/LuaOrgParser

[WIP] Hopefully, A PEG-compliant implementation of org-mode syntax, and a parser using lpeg in Lua

Primary LanguageLuaMIT LicenseMIT

LuaOrgParser

Purpose

This is a simple org-mode file parser written in Lua. The hidden objective is to later try to embed a library like this in neovim to help everyone work with Org-mode files in the editor.

Implementation

Since org-mode grammar is mostly context-sensitive but still mostly “left-to-right”, this implementation aims to parse an org-buffer/file using a state machine that will :

  • have various states corresponding to the current context (with associated relevant values),
  • take as “events” a new line from the buffer to parse, and
  • correctly update the current tree, as well as advance the state machine correctly.

Dependencies

Lua 5.1
since the end goal is to embed it in Neovim and Neovim bundles lua5.1 for all its integrations
LuaUnit
it is bundled in the tests folder

Specification used

The spec used has been extracted from worg and can be found here.

References in test files

Each test file has an associated .el version containing only the buffer parsed by org-mode. The code used to generate these files is:

(require 'org-element)

(defun parse-file-content (file)
  "Return the contents of FILE, as string."
  (with-temp-buffer
    (condition-case nil
        (progn
          (insert-file-contents file)
          (org-element-parse-buffer))
      (file-error
       (funcall (if noerror #'message #'user-error)
                "Unable to read file %S"
                file)
       nil))))

Roadmap [1/13]

Unit test framework [1/2]

Install Lua Unit

Add test files with increasing amount of features

Add AST types

All node types should be added ( the headline vs section vs block etc. ) with their attributes correctly translated.

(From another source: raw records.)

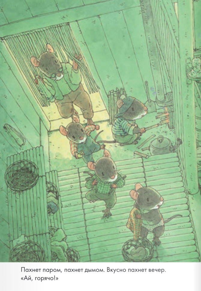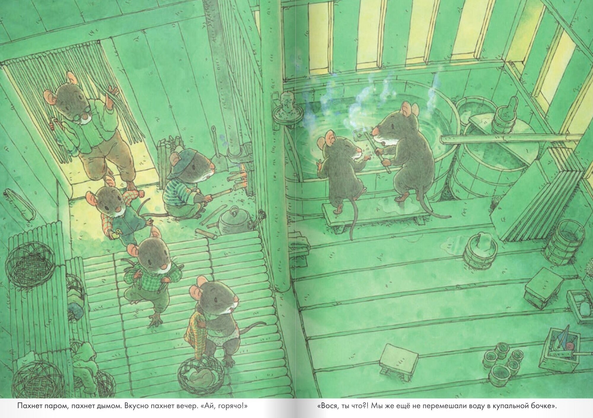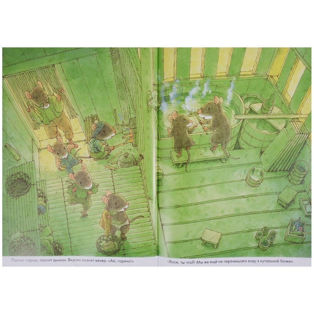 Сюжет книги: вечер, все мышата заканчивают свои дела по дому. Показано, как устроены у мышат баня, умывальники и туалет. Мышата купаются, ужинают и готовятся ко сну. Мама и бабушка поют по очереди мышатам колыбельную, которую когда-то слушал и папа.
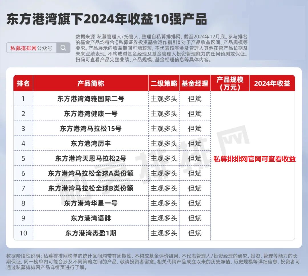 综上所述,公司人气位居前20且旗下产品2024年收益均值位居前10的私募公司共5家,分别为东方港湾、宁水资本、日斗投资、明汯投资、衍复投资。为了给大家提供更全面的信息,笔者接下来将分别盘点这5家私募旗下2024年收益10强的产品!
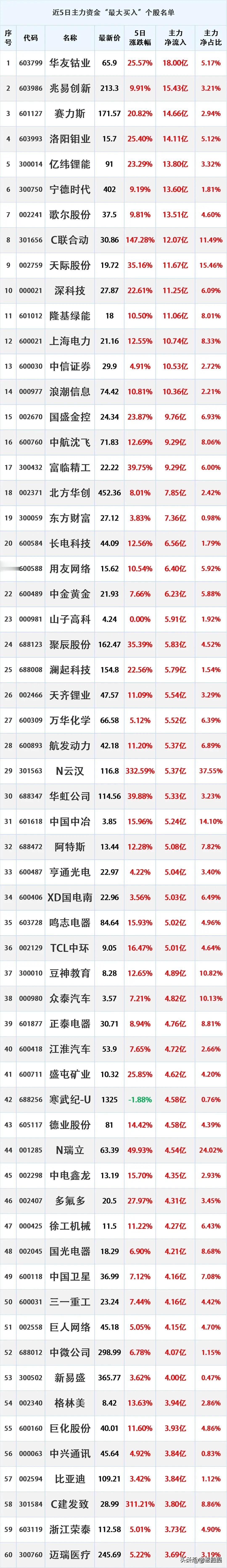 主力持股过节,放假前5天主力资金大幅流入的股票名单。 资金流入是指在一定时期内
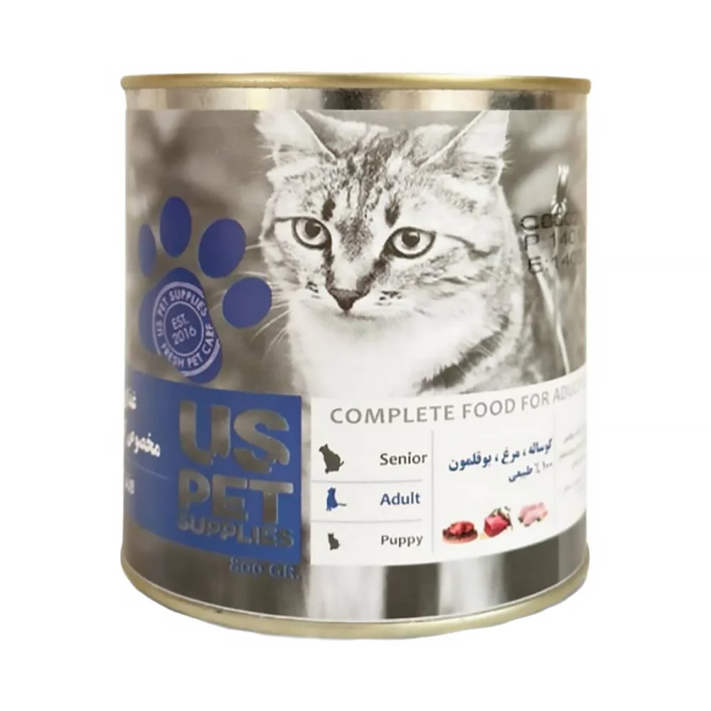 کنسرو گربه بالغ یو اس پت طعم گوشت گوساله, مرغ، بوقلمون 800 گرم
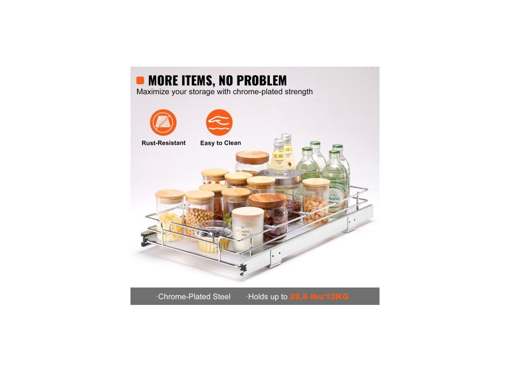 Výsuvný organizér na skříňky 12,5"Š x 21"H x 3,5"V, odolné výsuvné police do spíže, ocelové výsuvné zásuvky, úložný prostor s posuvnými zásuvkami pro domácnost pod dřezem, instalační rozměry skříňky 14"Š x 22"H x 7"V
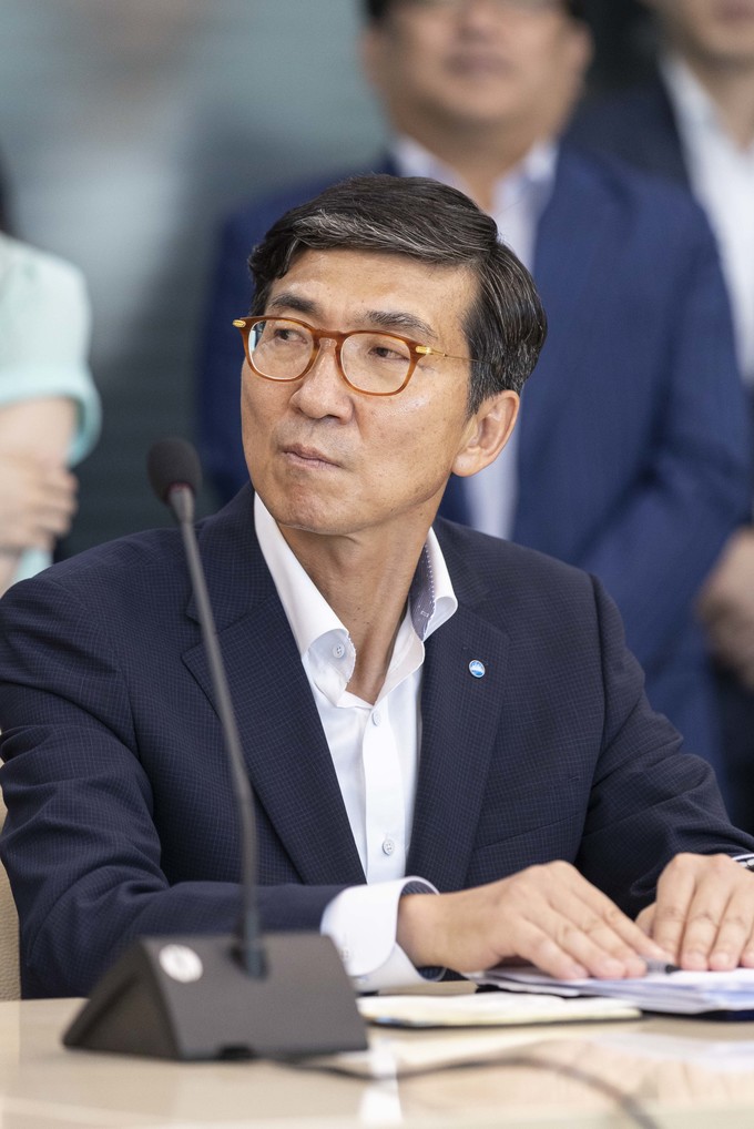 신명혁 우리은행 부행장이 22일 오후 서울 중구 우리은행 본점에서 열린 '포용적금융 생태계조성을 위한 업무협약식'에 참석하고 있다.
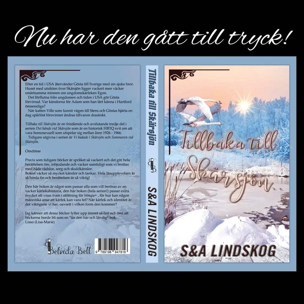 Idag kom Tillbaka till Skärsjön – tredje och avslutande delen i sviten Det hände vid Skärsjön, från tryckeriet. I tid inför den kommande helgens Litteraturrunda. Alltid lika spännande och inspirerande att få packa upp och få se sina egna böcker i tryck.
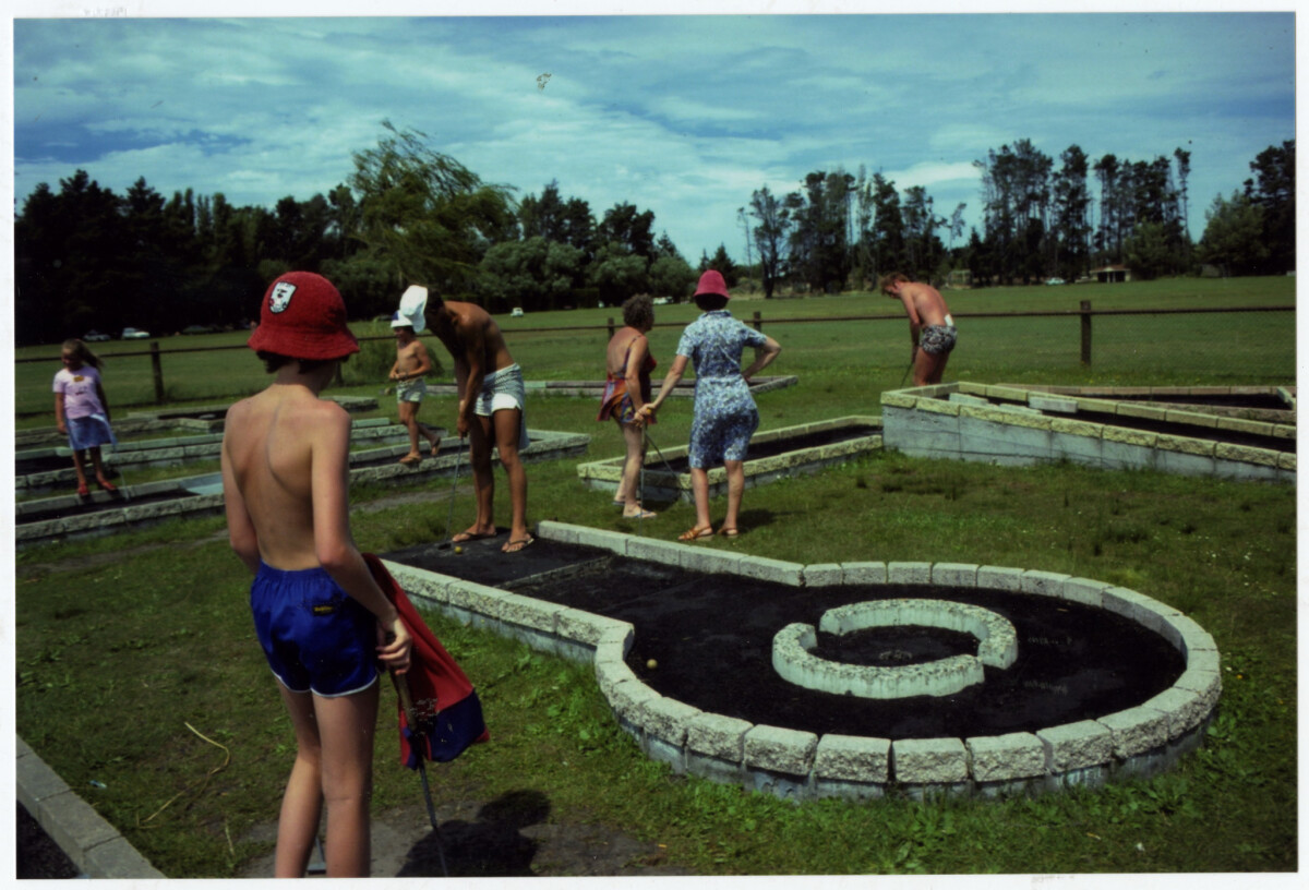 Contributor's note: "Spencer Park Domain family mini-golf competition. Old style mini-golf course. Short shorts, towelling hats, men and boys with no shirts."
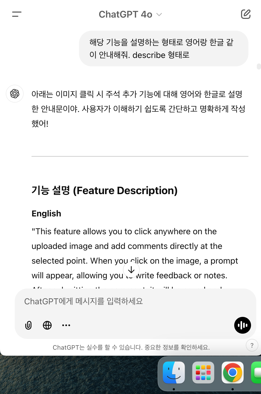 처음엔 ChatGPT에게 영어로 프롬프트 작성을 요청했어요. 하지만 나중에는 한국어로도 원활하게 소통할 수 있다는 점을 알고, 훨씬 편하게 개발을 진행할 수 있었습니다.
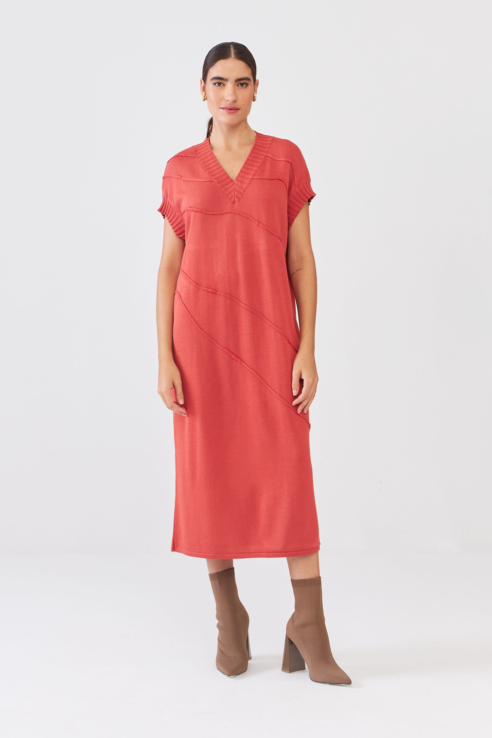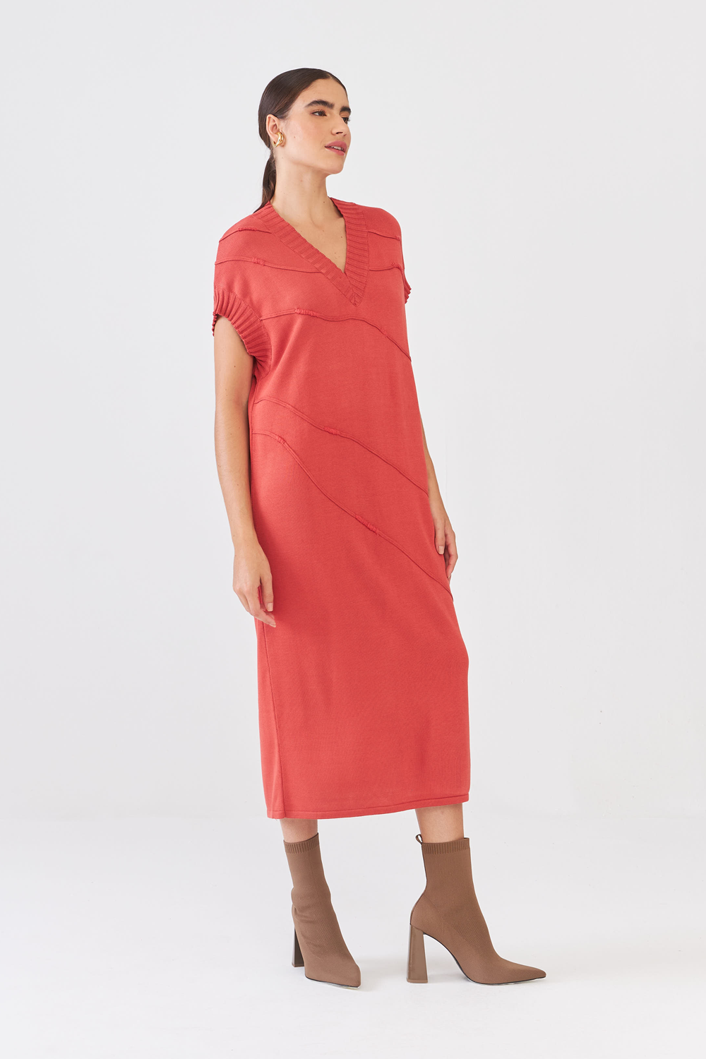 Vestido Reto Detalhe Bordado Em Tricot Sienna C/ Bordado
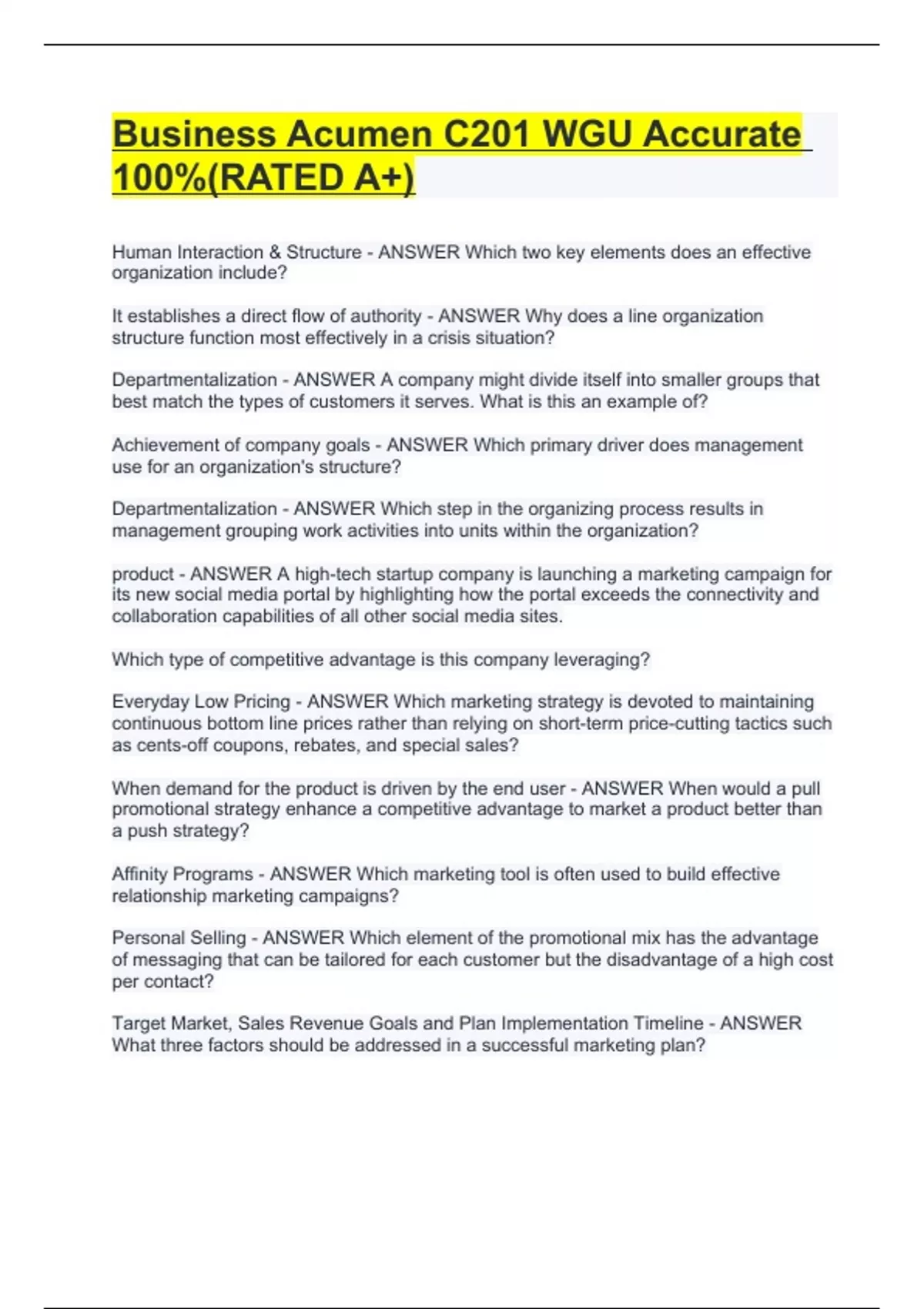 Business Acumen C201 WGU Accurate 100%(RATED A+)

The global tree structure that provides traversal should also be added, with accessors for parent/children etc. to manipulate the tree

Bland implementation

Parse all syntax from “spec” [0/6]

Parse headlines

Parse #+ blocks

Parse tables

Parse properties and other drawers

Parse timestamps

Parse text markups

Make the grammar dynamic

A few keywords in the grammar should be customizable at least before a string / file is parsed.